PROVIDED DATA:

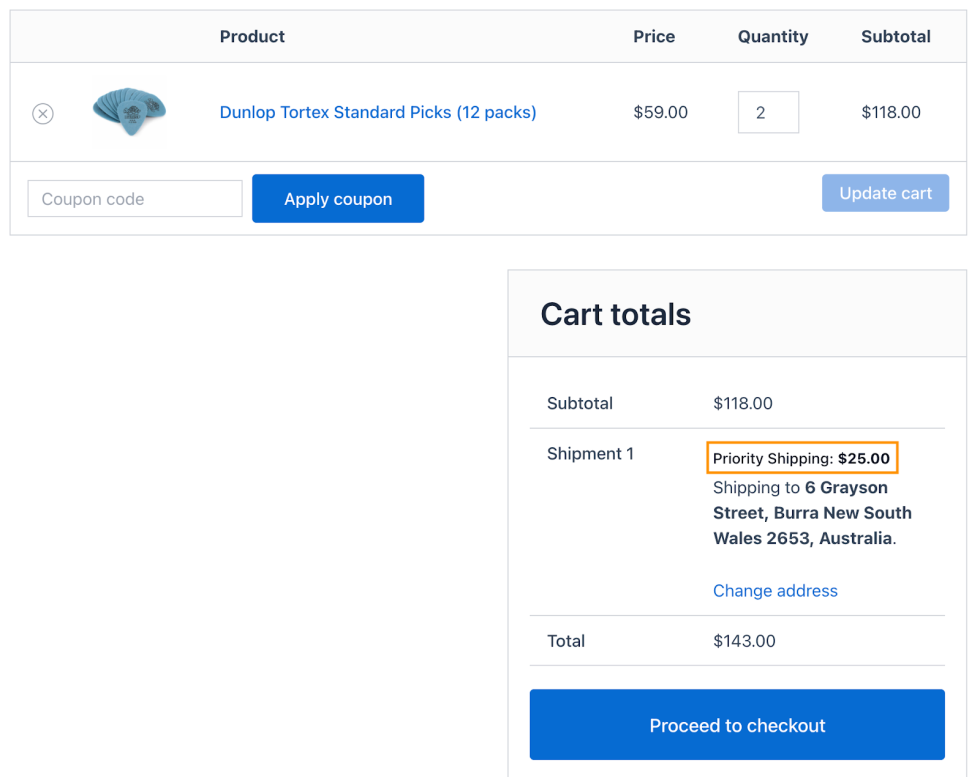 ↑ Back to topShipping costs can vary depending on where your customers are located. By setting zone-based shipping rules, you can charge accurate rates for each region and display the correct shipping cost at checkout. For example:
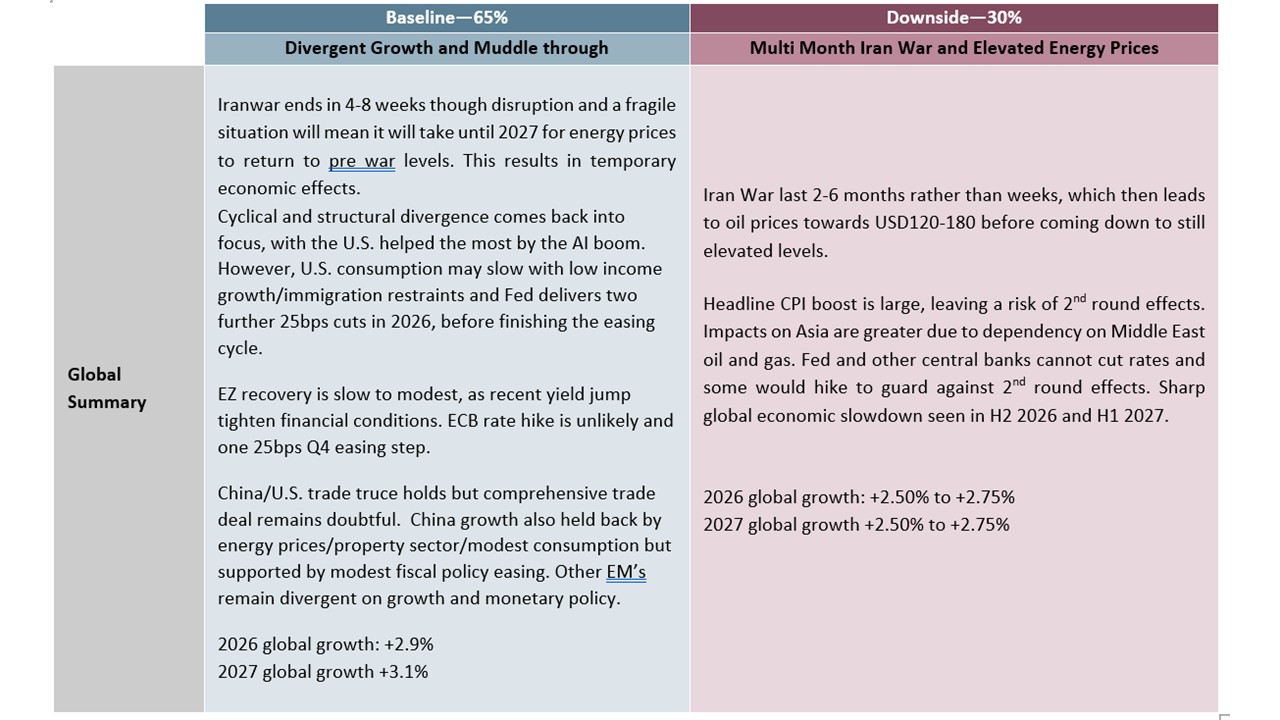 · For a 4-8 week war and 3-4 quarters of energy price normalisation, we see a 10% U.S. equity market correction in H1 2026 driven by the current Iran war and/or consumption slowing due to lower (real) wage growth, alongside still stretched valuations in equity and equity-bond terms. Then we see this being followed by a H2 2026 rebound on Fed easing that brings the S&P500 to 7200 by year-end 2026. 10yr U.S. Treasury yields down to 4.0% by end 2026 and EUR/USD at 1.24.
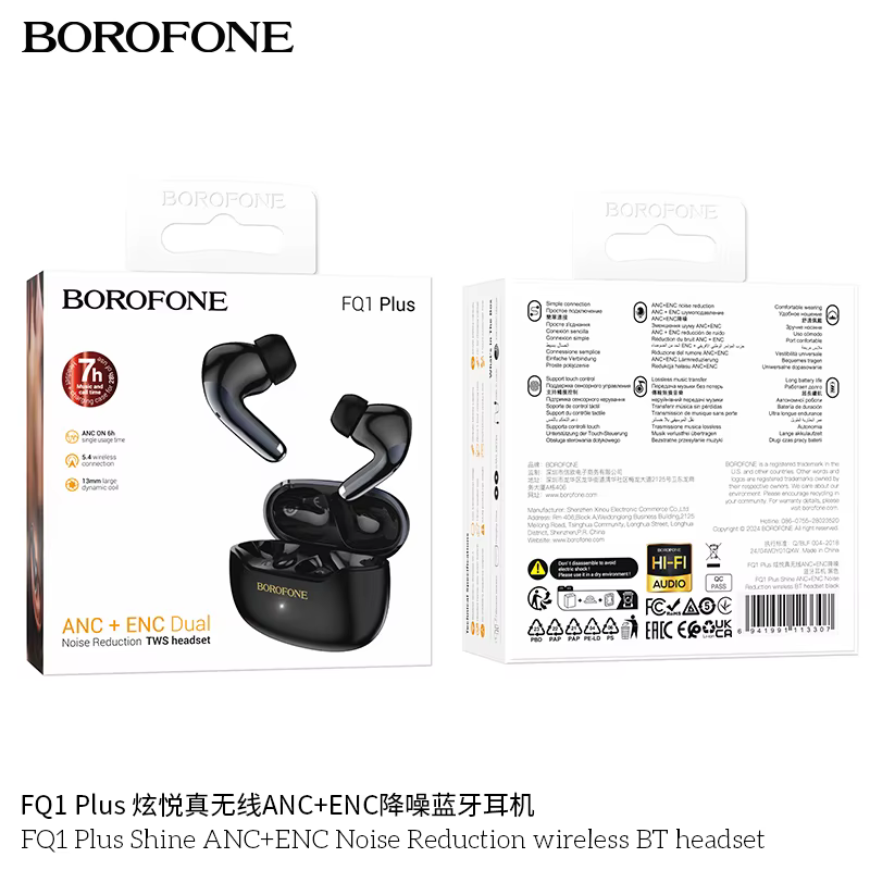 Mots-clés SEO : écouteurs sans fil, BOROFONE FQ1 Plus ANC, Bluetooth 5.4, suppression active du bruit, ANC, ENC HD appel, TWS, charge rapide, faible latence, audio de haute qualité.

EXERCISE REQUIREMENTS: Go through the material above and retype every line exactly, without the images.

TASK RESULT:
 ↑ Back to topShipping costs can vary depending on where your customers are located. By setting zone-based shipping rules, you can charge accurate rates for each region and display the correct shipping cost at checkout. For example:
 · For a 4-8 week war and 3-4 quarters of energy price normalisation, we see a 10% U.S. equity market correction in H1 2026 driven by the current Iran war and/or consumption slowing due to lower (real) wage growth, alongside still stretched valuations in equity and equity-bond terms. Then we see this being followed by a H2 2026 rebound on Fed easing that brings the S&P500 to 7200 by year-end 2026. 10yr U.S. Treasury yields down to 4.0% by end 2026 and EUR/USD at 1.24.
 Mots-clés SEO : écouteurs sans fil, BOROFONE FQ1 Plus ANC, Bluetooth 5.4, suppression active du bruit, ANC, ENC HD appel, TWS, charge rapide, faible latence, audio de haute qualité.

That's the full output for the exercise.